In the present study, the optimal tracer kinetic model for kinetic analysis of [11C]HED scans was identified and several commonly used simplifications were evaluated. First, Akaike and Schwarz criteria clearly indicated that, for both clinical and simulated (Table 2) data, the reversible two-tissue model was the preferred model for describing [11C]HED kinetics. Similar results were obtained when using the F-test, which is insensitive to any potential bias introduced in AIC and SC due to the scaling factors as presented in Equations 3 and 4. This confirms that, based on goodness of fit, the reversible two-tissue model was the optimal model. Simulations, on the other hand, also indicated that with increasing noise levels (starting at 5% noise, corresponding with noise at the level of the coronary territory), precision of all parameter estimates using this model rapidly decreased (Table 3) and that, for higher noise levels, model preference shifted towards models with fewer parameters (Table 2). In addition, for clinical data, the number of reliable estimates was lower for the 2T4k parameters VT,2t, VS and BPND (77.1, 77.1 and 23.3%, respectively) than for K i derived using the 2T3k model (86.0%) and VT,1t obtained using the 1T2k model (94.6%). The large number of estimates with high uncertainty indicates that the use of the reversible two-tissue model may not be feasible in routine clinical practice, as it would mean discarding over 20% of all data. In addition, most estimates with high uncertainty in 2T4k parameters were in regions with reduced [11C]HED uptake, indicating that the 2T4k model is especially vulnerable in diseased myocardium, which significantly limits the applicability of this model.

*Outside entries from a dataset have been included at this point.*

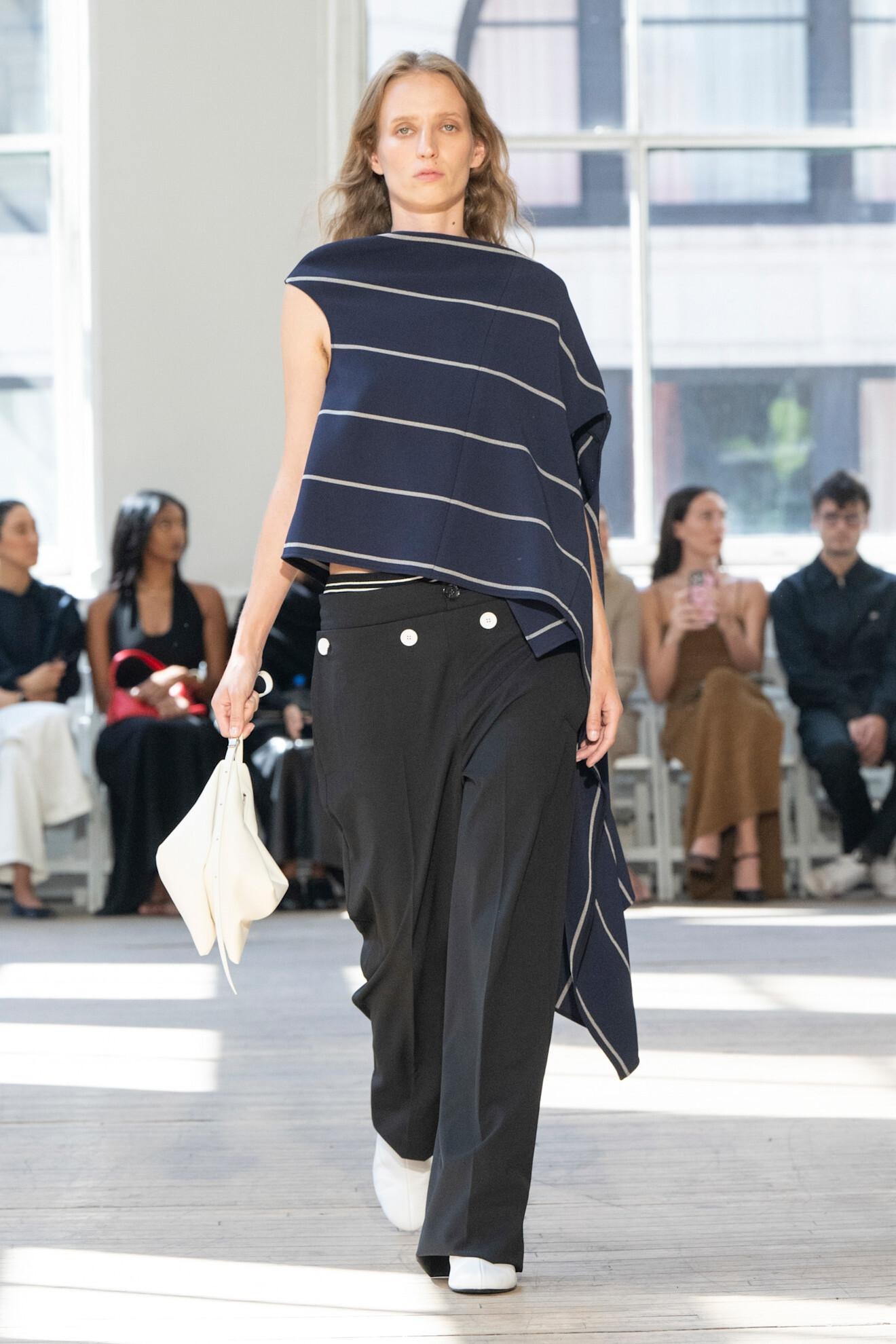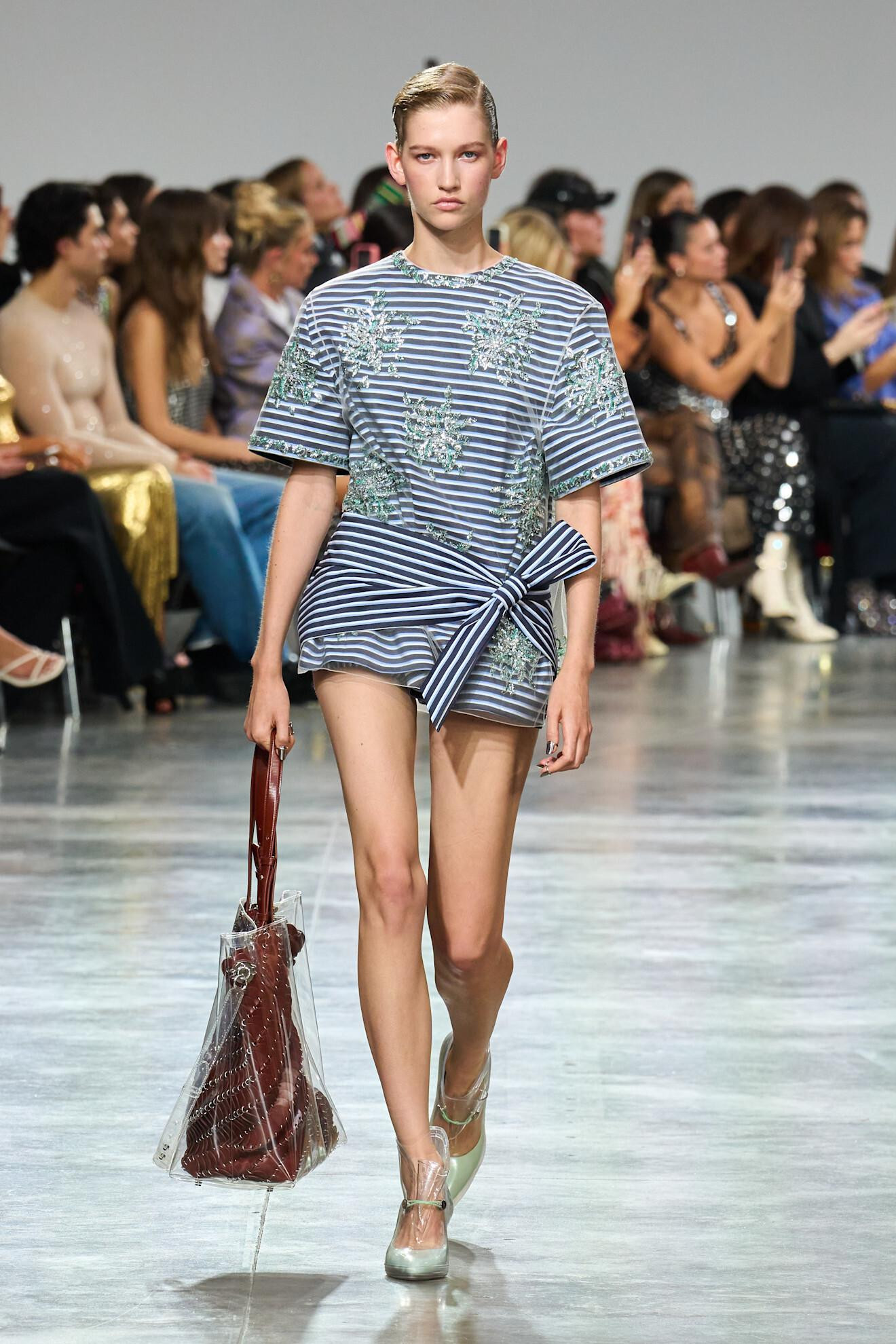 Tako su u kolekcijama za proljeće/ljeto 2025., modne kuće Proenza Schouler, Rabbane i Prada istaknule upravo prugasti uzorak kao jedan od ključnih vizualnih motiva sezone. I dok je Proenza Schouler predstavila prugice u suvremenoj i kreativnoj interpretaciji – kroz asimetrične krojeve, teksturirane tkanine i resaste rubove, Prada je unijela elemente nautičke elegancije, koristeći klasične marinière prugice koje povezuju pomorsku tradiciju s modernim dizajnom.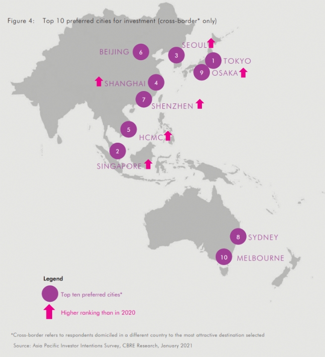 Các nhà đầu tư quan tâm đến thị trường Đông Nam Á cho biết sẽ sẵn sàng chi trả nhiều hơn cho các bất động sản trong năm tới. 39,4% những nhà đầu tư này sẵn sàng trả giá cao hơn 10% so với năm 2020, và 19,7% sẵn sàng trả nhiều hơn mức 10%. Nhà đầu tư tìm kiếm tài sản có tiềm năng tăng giá trị và tài sản cốt lõi và một số bắt đầu tìm kiếm tài sản đang bị áp lực tài chính. Bất động sản công nghiệp, kho vận, văn phòng tiếp tục là loại hình được tìm kiếm, trong khi bất động sản du lịch dần phục hồi
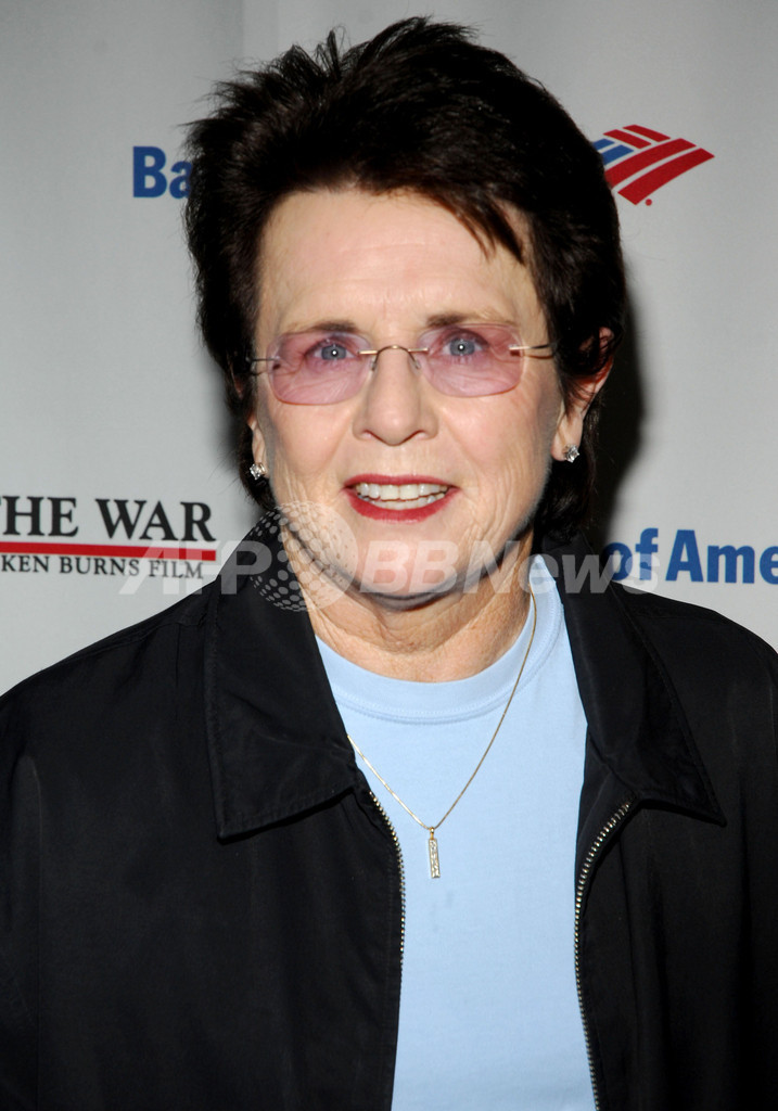 2007年9月17日、ニューヨーク近代美術館(The Museum of Modern Art)で行われた映画『The War』のプレミア上映会に登場した、元テニス選手のビリー・ジーン・キング(%%Billie Jean King%%)。(c)AFP/Getty Images Rob Loud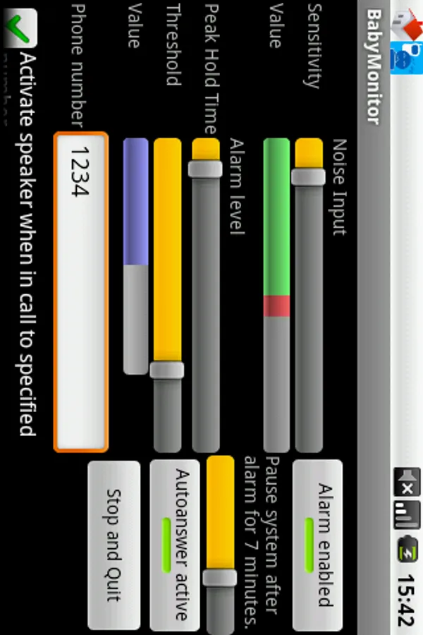 Whenever "alarm value" exceeds a limit (which is called "threshold", BabyMonitor calls the specified phone number.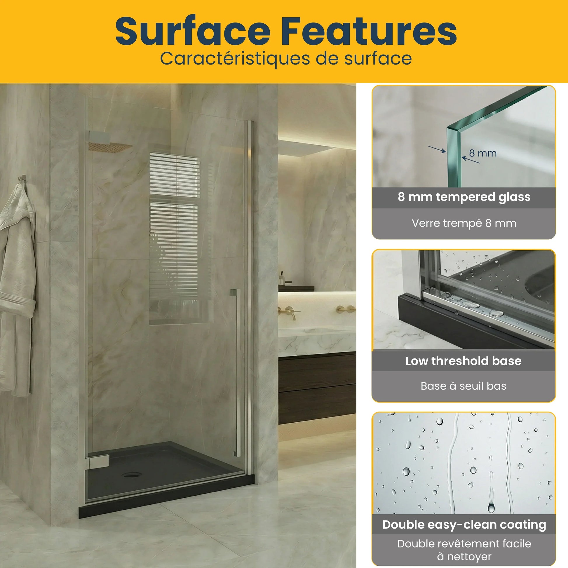 The 8mm tempered glass provides exceptional clarity and durability. A soft-close mechanism and magnetic seal ensure quiet, secure closure every time. The easy-clean protective coating minimizes water spots and soap buildup, keeping your shower looking pristine with less effort.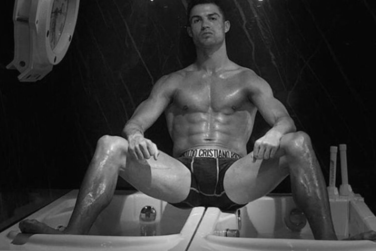 Nesta, CR7 surge de pernas abertas e com os seus abdominais em grande plano.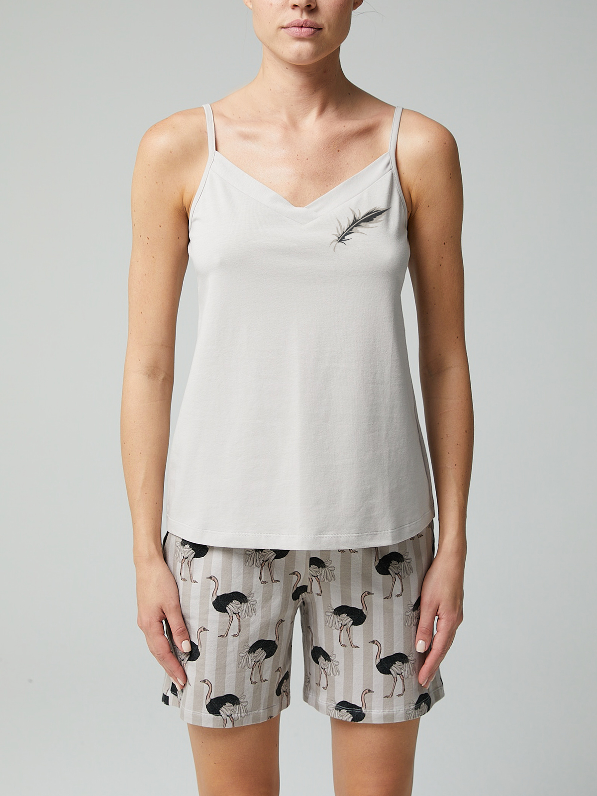 Майка на тонких бретелях, декорирована фигурным вырезом горловины и тематическим принтом на груди. Шорты с карманами по бокам. Пояс на резинке.Легкий и удобный комплект, который комфортно ощущается, и стильно выглядит благодаря оригинальному принту. Отлично подходит для дома и сна.

For the reversible two-tissue model, the total volume of distribution can be separated in specific and non-specific volumes of distribution. In this study, the total volume of distribution approximated the specific volume of distribution and enabled the use of the simpler single-tissue model, as the contribution of the non-specific compartment was very small, if not negligible. As shown in Figure 2, VT,1t yields similar results to VT,2t, indicating that the single-tissue model yields similar information to the reversible two-tissue model. In addition, precision was much higher for VT,1t than for VT,2t (Tables 3 and 4) and noise-induced biases were lower for VT,1t. Since the single-tissue model is simpler, more stable and less sensitive to noise compared with the reversible two-tissue model, it is preferred for further use, especially for smaller regions or regions with relatively low uptake.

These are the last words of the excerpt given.